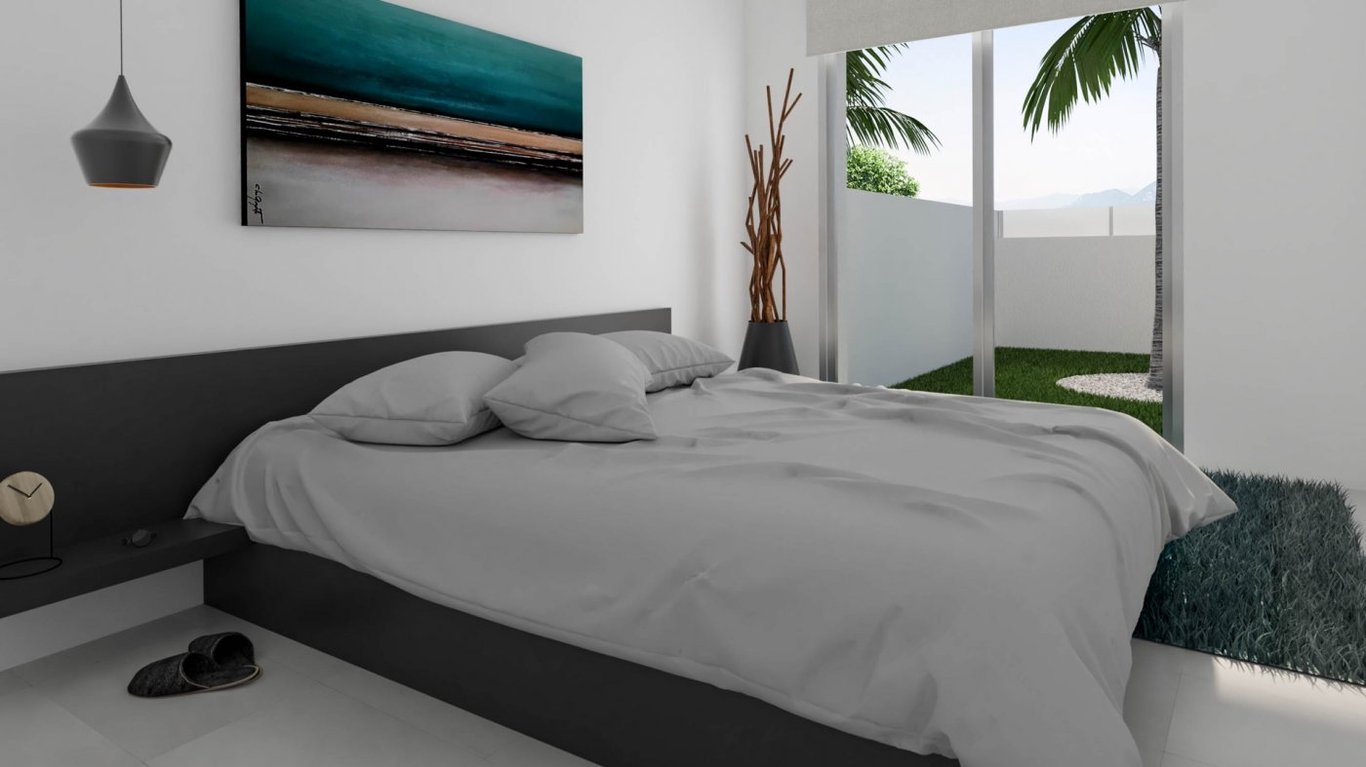 Carlas villas. Independent villas on plots of 200m2,. 3 bedrooms, 2 bathrooms, 1 toilet.. Living room, fitted kitchen, 160m2 built, 16 m2 terraces, 61 m2 solarium.. Garden with artificial grass, parking , pool and laundry.. Energy with solar panels. South orientation .. It is close to several towns such as San Fulgencio, Rojales, Benijofar and Ciudad Quesada, with its variety of restaurants, culture, shops and much more. For those who like to play golf, La Marquesa Golf is only 10 minutes...
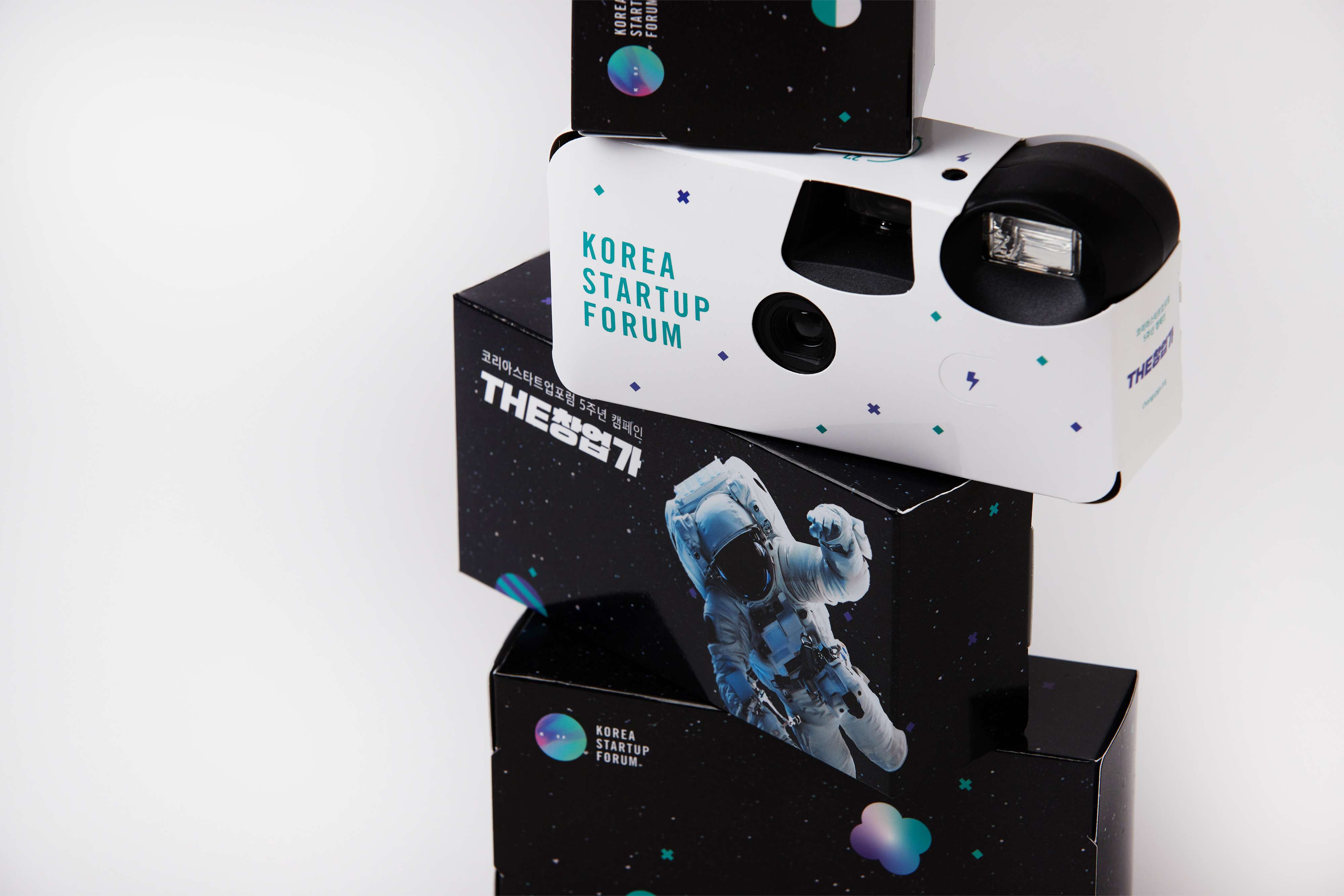 코리아스타트업포럼 출범 5주년을 기념하는 캠페인 ‘THE창업가’의 시각물과 굿즈를 디자인 및 제작했습니다. 더창업가 BI를 강조하는 레이아웃과 우주 배경 실사 이미지를 통해 컨셉을 직관적으로 구현했습니다. 키 컬러를 활용하여 제작한 그래픽 요소들은 게더타운, 웹 시각물, 굿즈 등을 다양하게 베리에이션하여 사용할 수 있도록 제작했습니다.
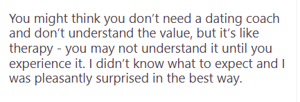 She was able to breakdown the daunting task of “dating” into smaller conversations so I could get clearer on what I was looking for, what energy I was bringing, and how to fit dating back into my life.
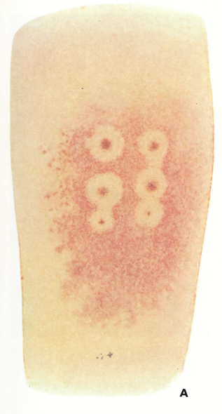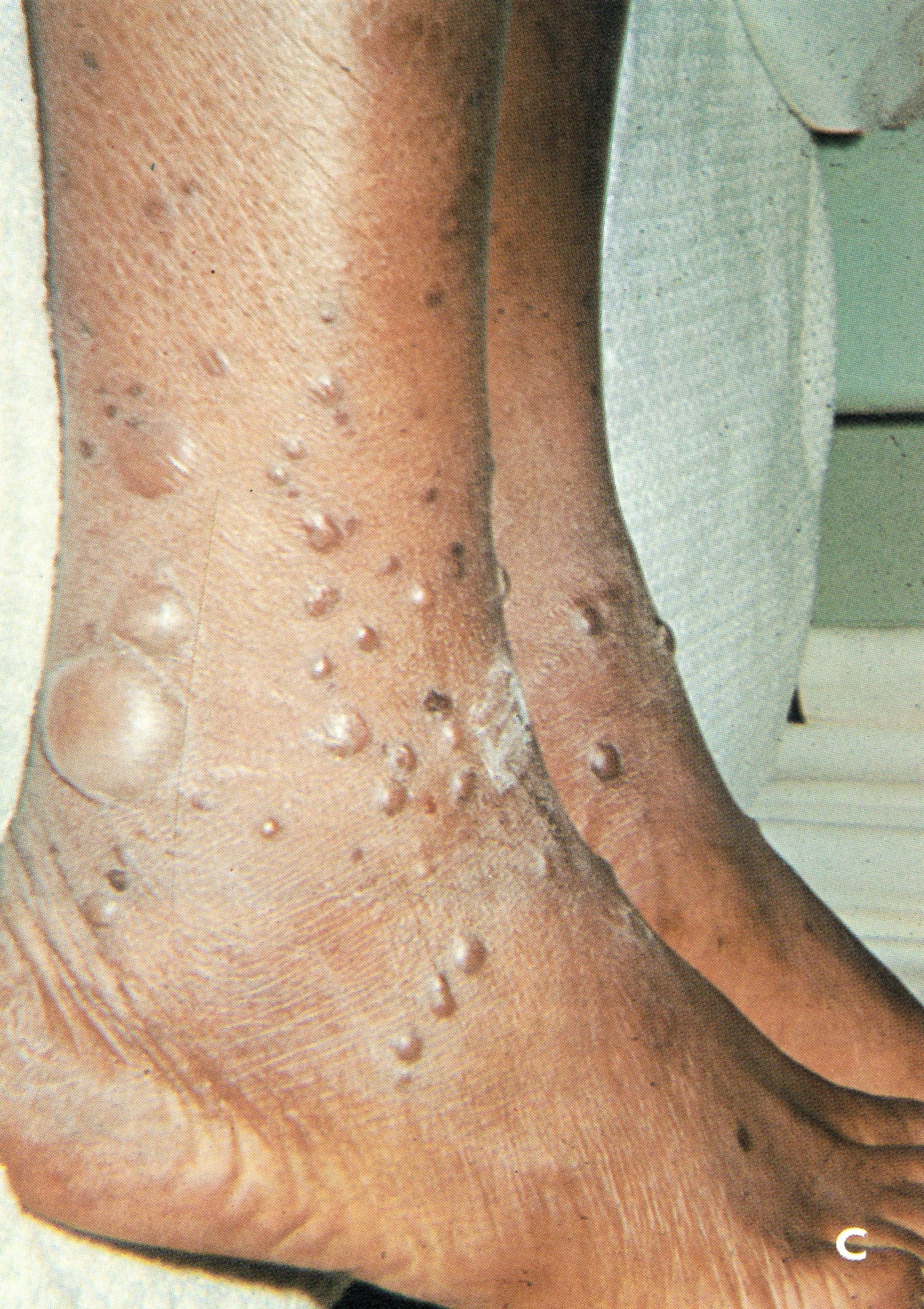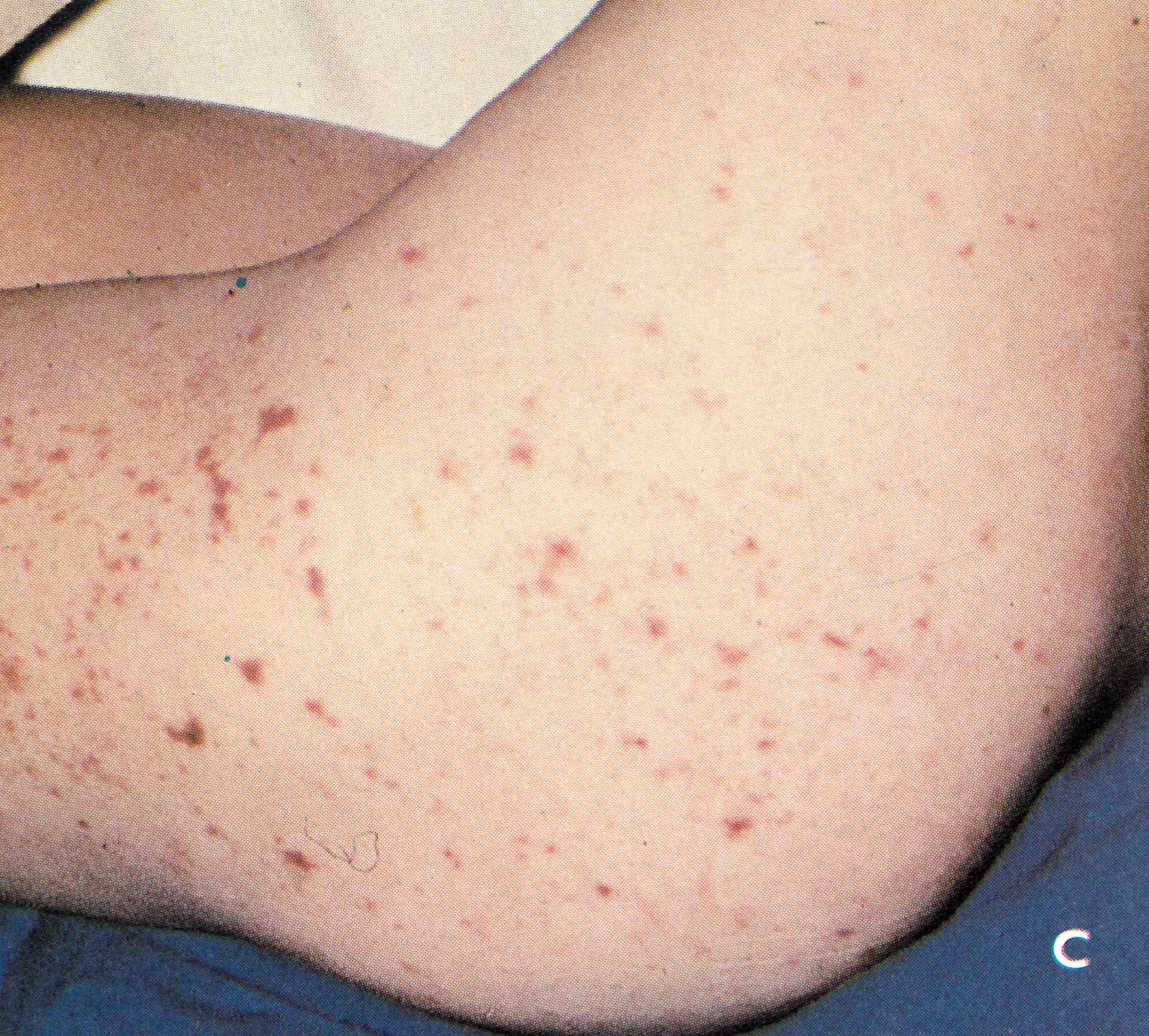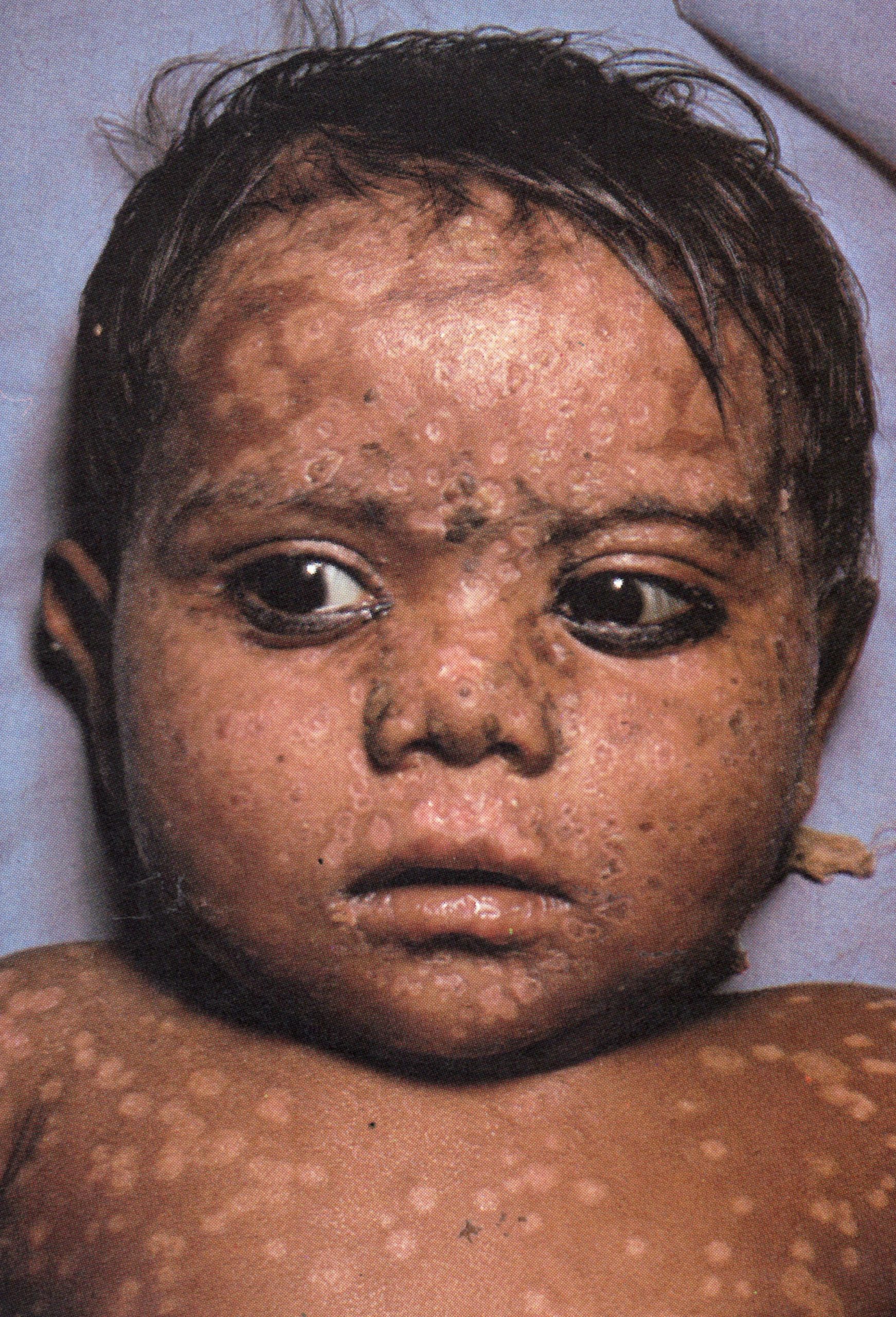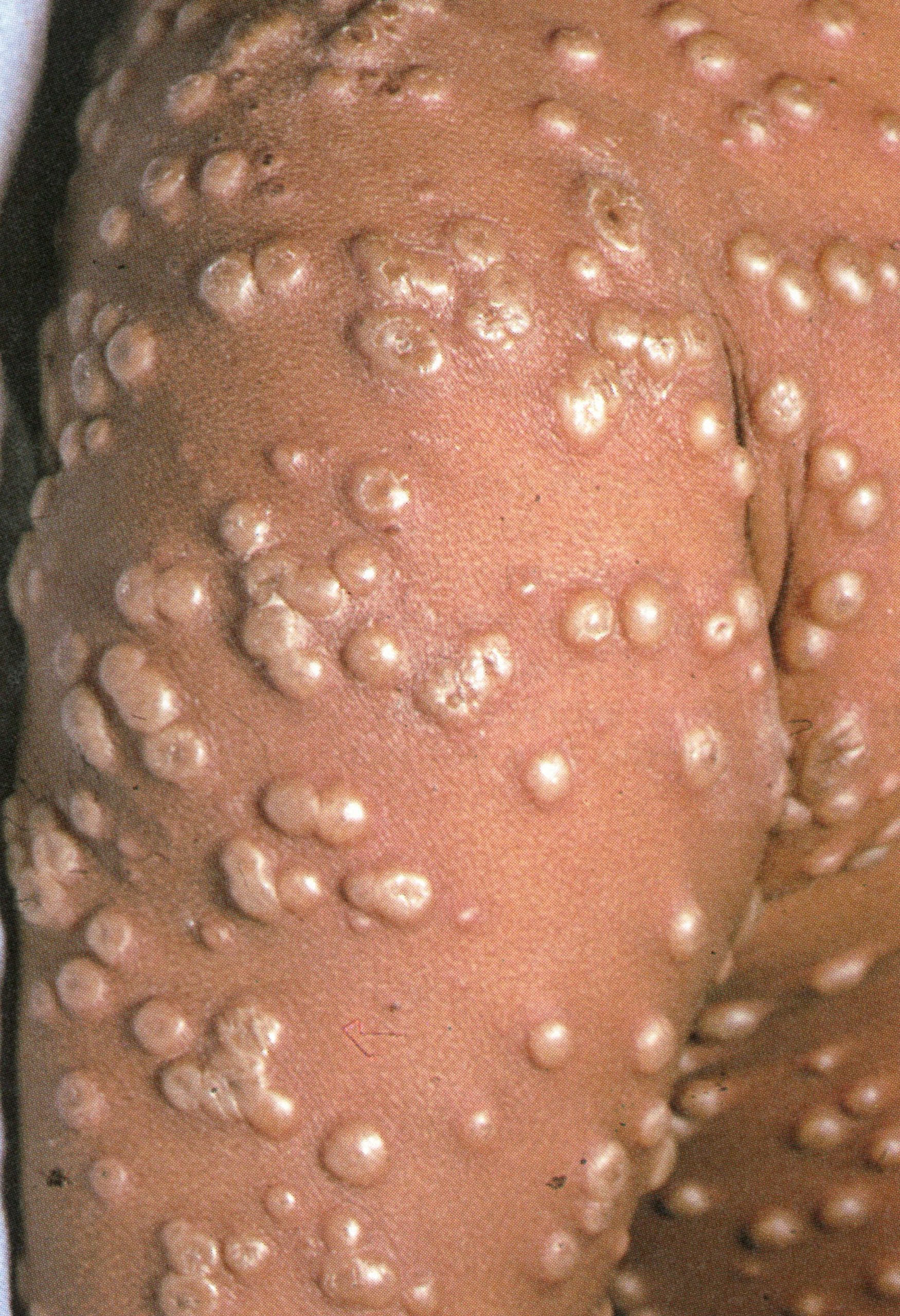 Earlier writers, e.g., Councilman (1907) and Ricketts (1908), paid considerable attention to syphilitic rashes as presenting a problem in differential diagnosis. With the advent of penicillin and the consequent reduction in the incidence of syphilis especially of secondary syphilis-in the developed countries, the disease has ceased even to be mentioned by writers, such as Christie (1980), dealing with the general domain of infectious diseases. However, in African countries and India secondary syphilis remained a disease to be considered in the differential diagnosis of smallpox, up to the time of eradication. The roseolar and papular syphilitic rashes (Plate 1.29B) varied in size and distribution and felt different from those of smallpox. The individual lesions were sometimes hard, but they could not be rolled between the thumb and forefinger, to give the “shotty” feel characteristic of the smallpox vesicle. Neither could they be “split” by passing a needle horizontally through the lesion, as could the vesicles of smallpox. The distribution was also different; if there were a profuse rash on the face, there would also be an equally dense rash on the chest and abdomen and the toxaemia would have been too slight for a case of smallpox with such a rash. Finally, the diagnosis would be clinched by the fact that the papules of syphilis did not evolve further, to vesicles and pustules, like those of smallpox.

+ + +

▶ [EXERCISE INSTRUCTIONS]
Return, exactly as they stand, the lines from the opening line of the listing through the line with "She was able", both ends counted, and no pictures.

▶ [SOLVED EXERCISE]
 Carlas villas. Independent villas on plots of 200m2,. 3 bedrooms, 2 bathrooms, 1 toilet.. Living room, fitted kitchen, 160m2 built, 16 m2 terraces, 61 m2 solarium.. Garden with artificial grass, parking , pool and laundry.. Energy with solar panels. South orientation .. It is close to several towns such as San Fulgencio, Rojales, Benijofar and Ciudad Quesada, with its variety of restaurants, culture, shops and much more. For those who like to play golf, La Marquesa Golf is only 10 minutes...
 코리아스타트업포럼 출범 5주년을 기념하는 캠페인 ‘THE창업가’의 시각물과 굿즈를 디자인 및 제작했습니다. 더창업가 BI를 강조하는 레이아웃과 우주 배경 실사 이미지를 통해 컨셉을 직관적으로 구현했습니다. 키 컬러를 활용하여 제작한 그래픽 요소들은 게더타운, 웹 시각물, 굿즈 등을 다양하게 베리에이션하여 사용할 수 있도록 제작했습니다.
 She was able to breakdown the daunting task of “dating” into smaller conversations so I could get clearer on what I was looking for, what energy I was bringing, and how to fit dating back into my life.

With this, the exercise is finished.